The Prime Minister announced the move to Plan B in England at a Downing Street press conference on Wednesday.

 

Prof Penny Ward, Independent Pharmaceutical Physician, Visiting Professor in Pharmaceutical Medicine at King’s College London, said:

“Yesterday’s announcement comes as a timely reminder that prevention of illness caused by an airbourne virus is difficult without forcing people apart and separating the yet-to-be from the currently infected.  It is disappointing not to have heard more from the scientists concerning the deployment of antiviral antibodies and/or small molecule antiviral medications and to note the NERVTAG comments1, focusing on the potential for antiviral resistance.  Perhaps they missed the information provided by Merck at the recent FDA Advisory Board in which the steps taken to evaluate the resistance pattern of molnupiravir – including in vitro experimentation, in vivo animal studies and sequencing of virus detected during treatment – was described.  This product does not act in the same way as other nucleoside agents and by virtue of its different mechanism of action provides a high bar to the risk of emergent resistance.  That said, NERVTAG is correct to surmise resistance, if it occurs, is most likely to emerge among infected immunosuppressed patients.  All the more reason to try to protect these individuals from infection in the first place one might think, not just by vaccination (to which they may well not respond) but also by proactive use of monoclonal antibodies, particularly those with documented activity vs multiple strains, including omicron, to prevent infection in this high risk group and thereby reduce the need for any use of small molecule antivirals in the first place.  Just a thought.”

1 https://www.gov.uk/government/publications/nervtag-antiviral-drug-resistance-and-the-use-of-directly-acting-antiviral-drugs-daas-for-covid-19-8-december-2021

 

Prof Paul Hunter, Professor in Medicine, UEA, said:

“Whilst most of the statements in the minutes of SAGE of 7 December reflect what has been said a number of times already, one paragraph is worthy of further comment.  That is paragraph 15: ‘15. It is highly likely that Omicron will account for the majority of new SARS-CoV-2 infections in the UK within a few weeks. Omicron may partially or largely replace Delta over this period, but the extent of this depends on the degree to which they are infecting different cohorts of people, which is not currently known. It is possible that both could continue to spread concurrently, which would mean that the Delta infections and hospitalisations would be in addition to Omicron ones. It is also possible that Omicron will completely displace Delta.’

“If the doubling time for omicron continues as currently then omicron will become the dominant variant, though it should be noted that the AY.4.2 variant of delta is also increasing quite rapidly at present.  Whether omicron will replace delta or not is a really important question.  We have seen that delta effectively replaced the alpha variant in the UK, replaced the beta variant in South Africa and replaced the gamma variant in Brazil.  In the UK as far as I can tell we haven’t had a case of alpha variant infection for over a month.  In ecology it is accepted that when two species compete for the same niche in a habitat then one of them often becomes extinct at least locally.
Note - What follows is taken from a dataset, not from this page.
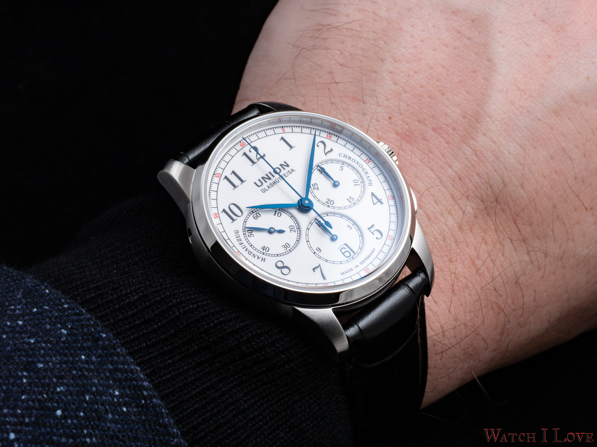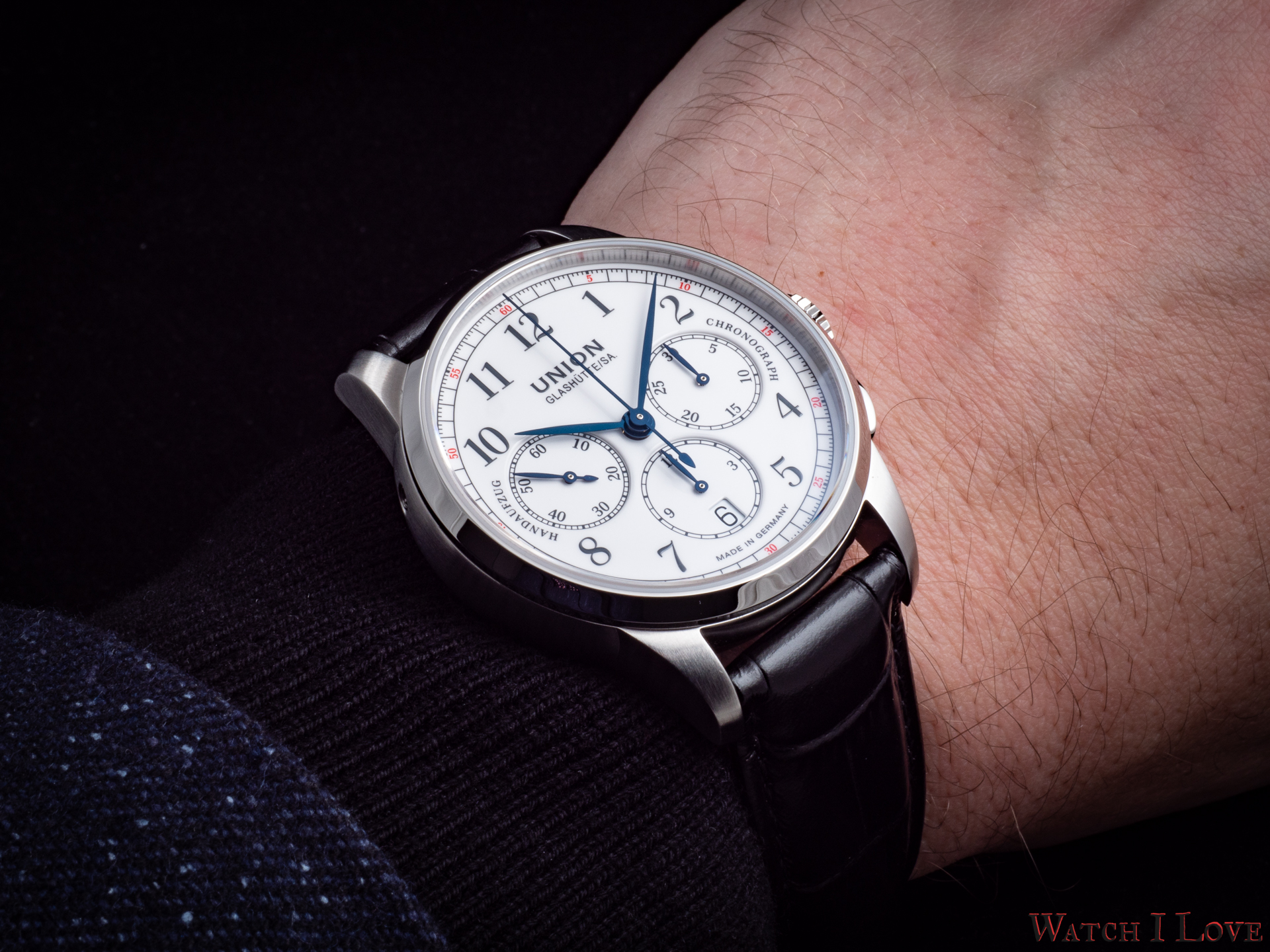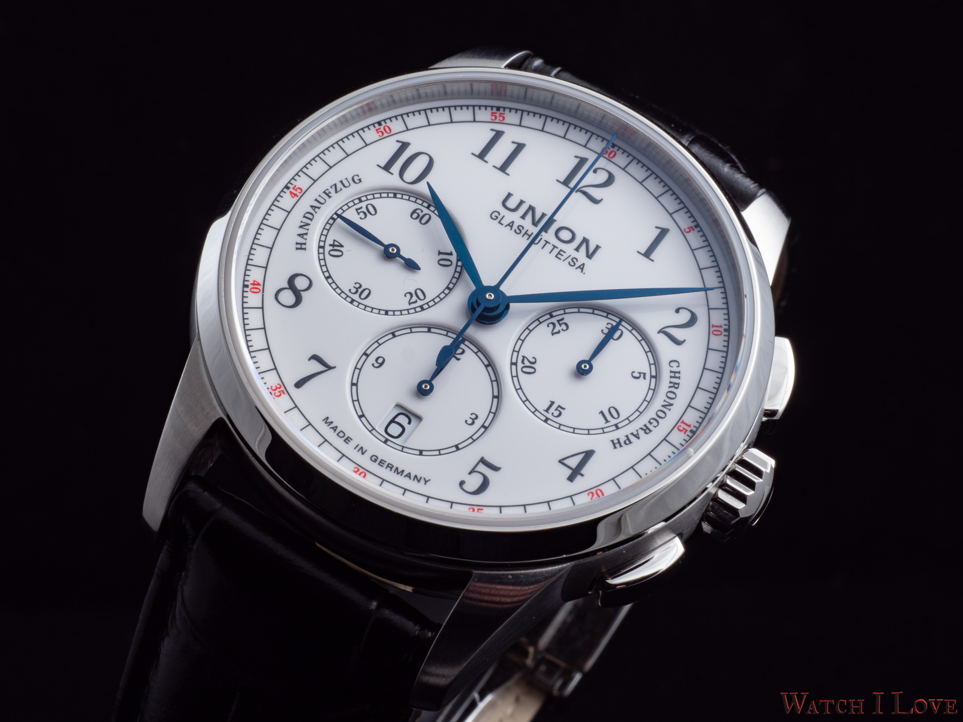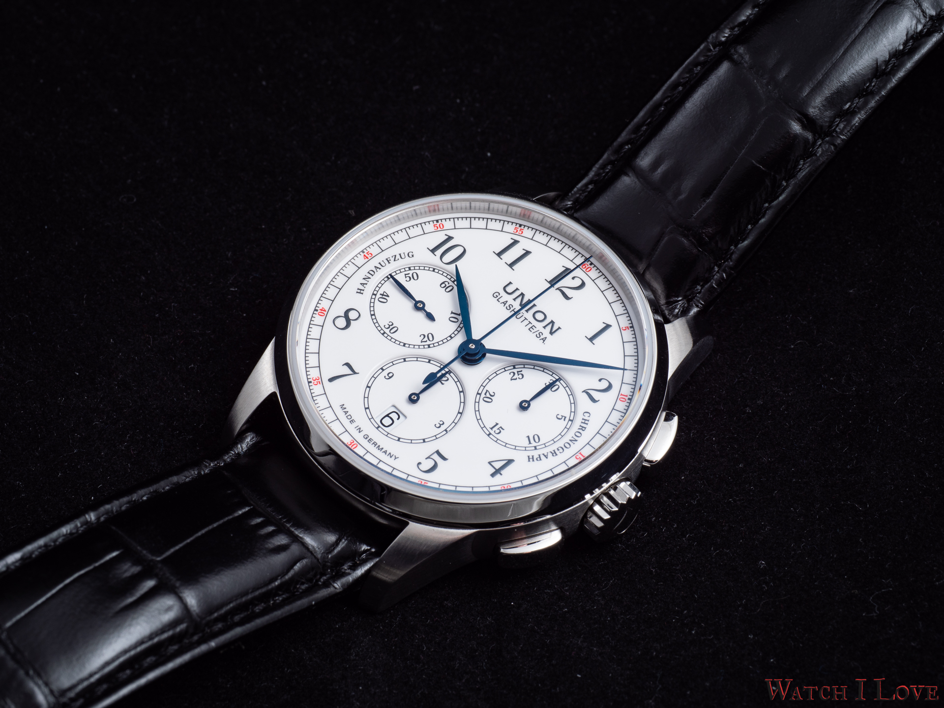 The running seconds are displayed in a subdial at 9 o’clock. In the same area was printed the “Handaufzug” – hand-wound, as a mark of the calibre’s type. This mark is symmetrically balanced on the right side by the “Chronograph” mark. And all is well balanced by the “Made in Germany” printed on the lower side of the dial.

“For viruses however, whether one variant can totally replace another depends in large part on the degree of cross-immunity between them.  For replacement of delta variant infection with omicron, omicron would need to provide sufficient immunity against delta that the proportion of people suspectable to delta falls.  The problem is that from South Africa that omicron is causing substantial increases in the rate of repeat infections in people who have already had a previous infection.  If a delta infection does not provide reliable immunity to omicron, then the reverse is also likely to be the case.  So, omicron may not replace the delta variant as quickly or as completely as we saw with delta and alpha.  What this means is that we may have two simultaneous epidemics, one from omicron and one from delta (most likely AY.4.2).  This raises the concern about Delta and omicron coinfections, where both variants infect the same person at the same time.  In general coinfections of any respiratory viruses are associated with more severe disease and we certainly saw that early in the pandemic with covid and influenza coinfections.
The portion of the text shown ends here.